The guidelines mandate service providers such as VPS, VPN, intermediaries, and data centres to retain user data for five years, and report cyber incidents within six hours. Companies are also required to keep track and maintain user records even after a user has cancelled his/her subscription to the service.
Aneesh P, a 21-year-old student who is enrolled in a long-distance online college based in Germany, uses VPN apps to stay connected with his teachers, and classmates. “The VPN provides me with a secure connection to German local news channels, streaming services, and assists me with finding my assignments —most importantly, I don’t see any advertising on my web browser, which means nobody is tracking my web history and I’d want it to remain like that.”

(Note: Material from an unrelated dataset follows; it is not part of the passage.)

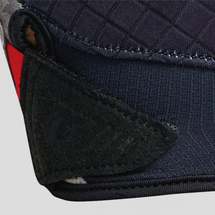 手首外側2箇所のゴムで手の平パッドのフィット感を調整できる特殊構造のベルクロ仕様

A VPN hides your identity and encrypts your data while also giving access to an IP in a country of your choice. It shields your identity by replacing your computer’s IP address with a temporary IP address hosted on a remote server.
Sarfaraz Shaikh, a 38-year-old businessman, told indianexpress.com that he works remotely from cafes and uses public wifi, which he then connects to a VPN service to ensure his data is not logged. “If my data would start being tracked and recorded by VPN companies, then why would I even bother to purchase the subscription?”
Like Shaikh, several others believe this guideline translates to lesser privacy and with data being logged, it would be possible to track browsing and download history.
While the Ministry of Electronics and Information Technology’s cyber arm CERT-In’s recent directive is to bridge the gap in cyber incidence analyses by having access to more information and data to enhance cyber security but experts and Internet freedom companies think this directive would result in serious privacy violation and impact VPN companies operating in India.
The Internet Freedom Foundation (IFF) raised concerns about the clause in the guidelines which states that the companies have “to store data for five years or more”. “The ambiguity around the time frame along with the lack of reasoning behind extending it could lead to serious privacy violations,” IFF said in a statement to indianexpress.com.

The policy requires VPN service providers to collect as well as report a wide amount of customer data even after the customer has cancelled their subscription or account. This includes but is not limited to names of subscribers/customers, validated physical, email and IP addresses, contact numbers, and other such personally identifiable information. Such excessive requirements for collecting and handing over data will not just impact VPN service providers but VPN users as well.
Prasanth Sugathan, Legal Director, SFLC.in believes that some providers may even choose to exit India than comply with such stringent guidelines that go against the principle of data minimisation adopted by most VPN services.
The lack of a data protection law in India makes the situation all the more problematic with limited recourse available for a citizen. “Forcing private players to collect such information without a strong data protection law places the privacy of the average user at risk,” said Udbhav Tiwari, Senior Manager, Global Public Policy, Mozilla.

“The KYC requirement is broad and might impact the operations of cloud service providers. The customer information sought under this requirement is sensitive and could deter consumers from availing the cloud services,” Rizvi said, explaining how this policy would affect VPN companies.
The five-year policy will also mean that VPN providers will see their costs jump significantly, which will then likely have to be borne by the consumer.
“The amount of data that is required is high. It will increase the operational costs of running a VPN and users will think twice before opting for such services. Although it is important for CERT.IN to monitor and investigate cyber security incidents, the privacy of citizens should not be compromised to achieve this objective,” Sugathan added.